[Data excerpts]

----------

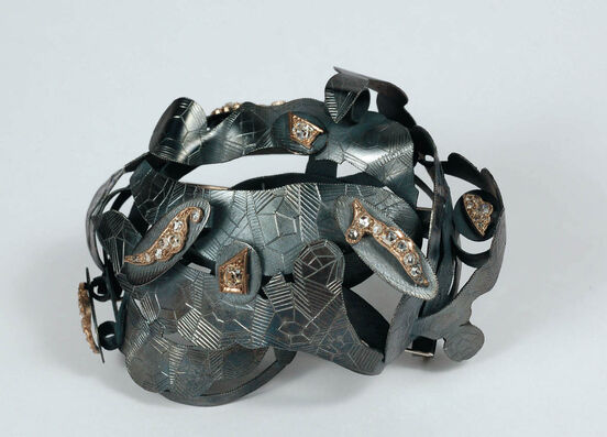 The exhibition numbers close to 50 exquisite pieces including a body of works made specifically for this exhibition and also featuring a number of retrospective pieces which help to provide a context for Britton's innovative practice. Each of Britton's pieces is meticulously constructed and refined and includes alternative materials as diverse as plastic, glass, shells, brass and paint alongside traditional materials like silver, gold, diamonds and sapphires.
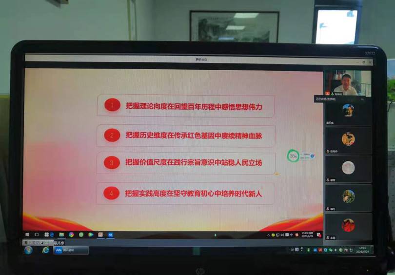 6月24日下午,在中国共产党百年华诞到来之际,太阳城党委书记张伟林在线上为所在支部党员讲授专题党课,教师第二党支部全体党员参加了学习。
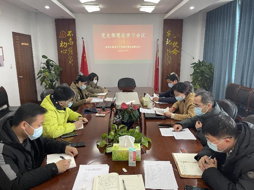 12月14日上午,古城保护公司召开党支部(扩大)理论学习会。公司党支部书记、董事长梁玉荣主持会议并讲话。公司全体员工参加会议。
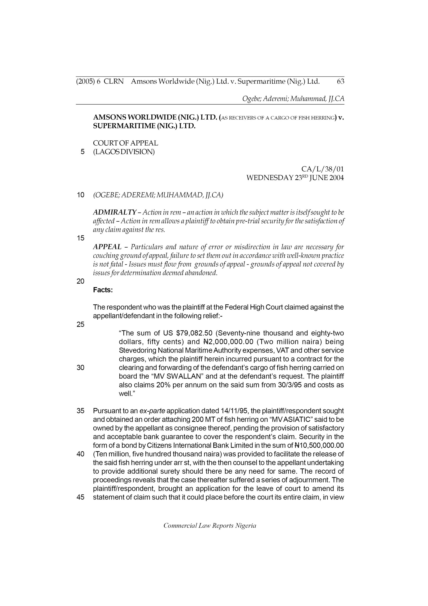 Pursuant to an ex-parte application dated 14/11/95, the plaintiff/respondent sought and obtained an order attaching 200 MT of fish herring on “MV ASIATIC” said to be owned by the appellant as consignee thereof, pending the provision of satisfactory and acceptable bank guarantee to cover the respondent’s claim. Security in the form of a bond by Citizens International Bank Limite
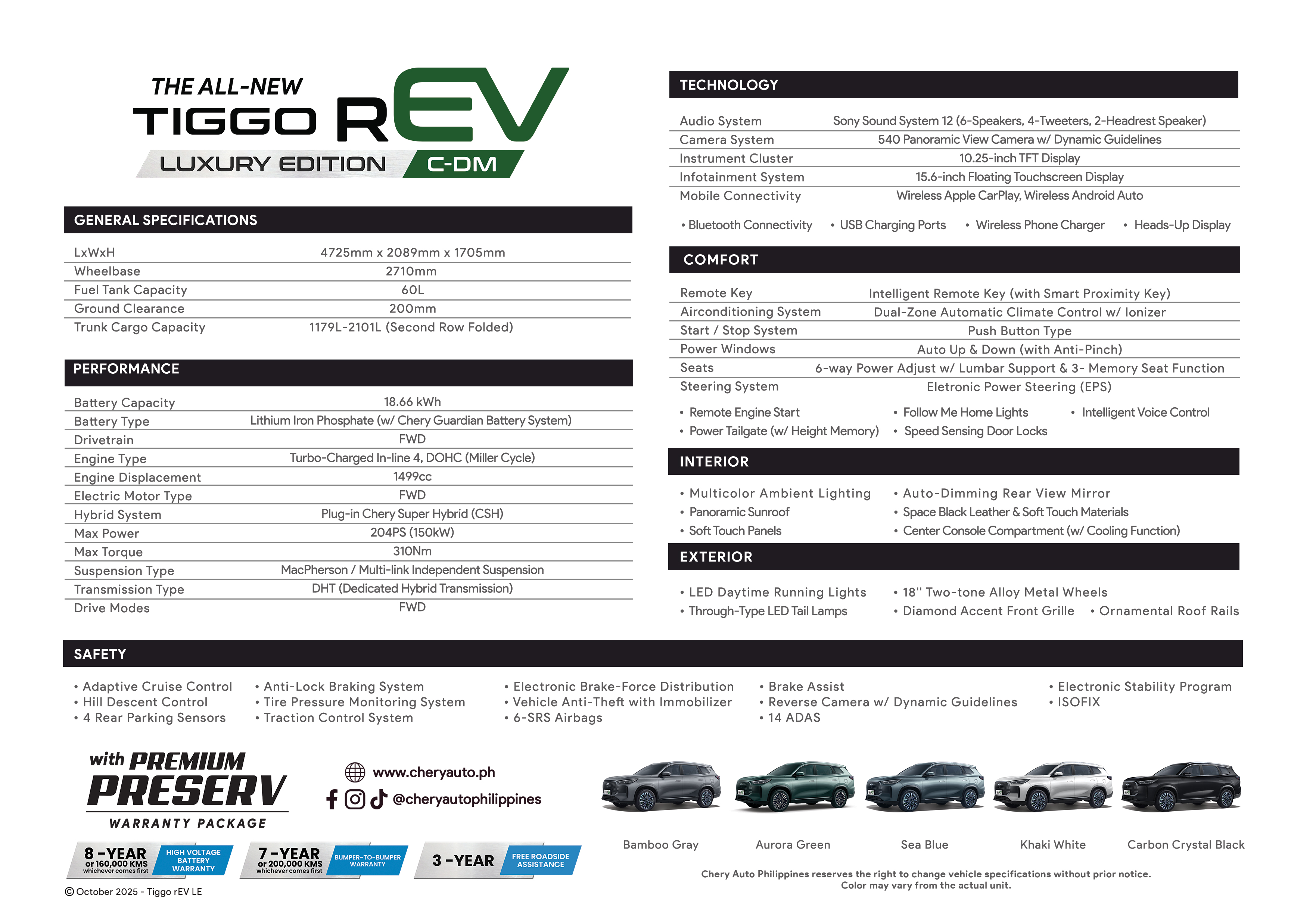 | Combined Range | 1,400 kilometers (EV + Hybrid) |

----------

#### Try it
Copy the records exactly, leaving out every picture.

#### The answer
 The exhibition numbers close to 50 exquisite pieces including a body of works made specifically for this exhibition and also featuring a number of retrospective pieces which help to provide a context for Britton's innovative practice. Each of Britton's pieces is meticulously constructed and refined and includes alternative materials as diverse as plastic, glass, shells, brass and paint alongside traditional materials like silver, gold, diamonds and sapphires.
 6月24日下午,在中国共产党百年华诞到来之际,太阳城党委书记张伟林在线上为所在支部党员讲授专题党课,教师第二党支部全体党员参加了学习。
 12月14日上午,古城保护公司召开党支部(扩大)理论学习会。公司党支部书记、董事长梁玉荣主持会议并讲话。公司全体员工参加会议。
 Pursuant to an ex-parte application dated 14/11/95, the plaintiff/respondent sought and obtained an order attaching 200 MT of fish herring on “MV ASIATIC” said to be owned by the appellant as consignee thereof, pending the provision of satisfactory and acceptable bank guarantee to cover the respondent’s claim. Security in the form of a bond by Citizens International Bank Limite
 | Combined Range | 1,400 kilometers (EV + Hybrid) |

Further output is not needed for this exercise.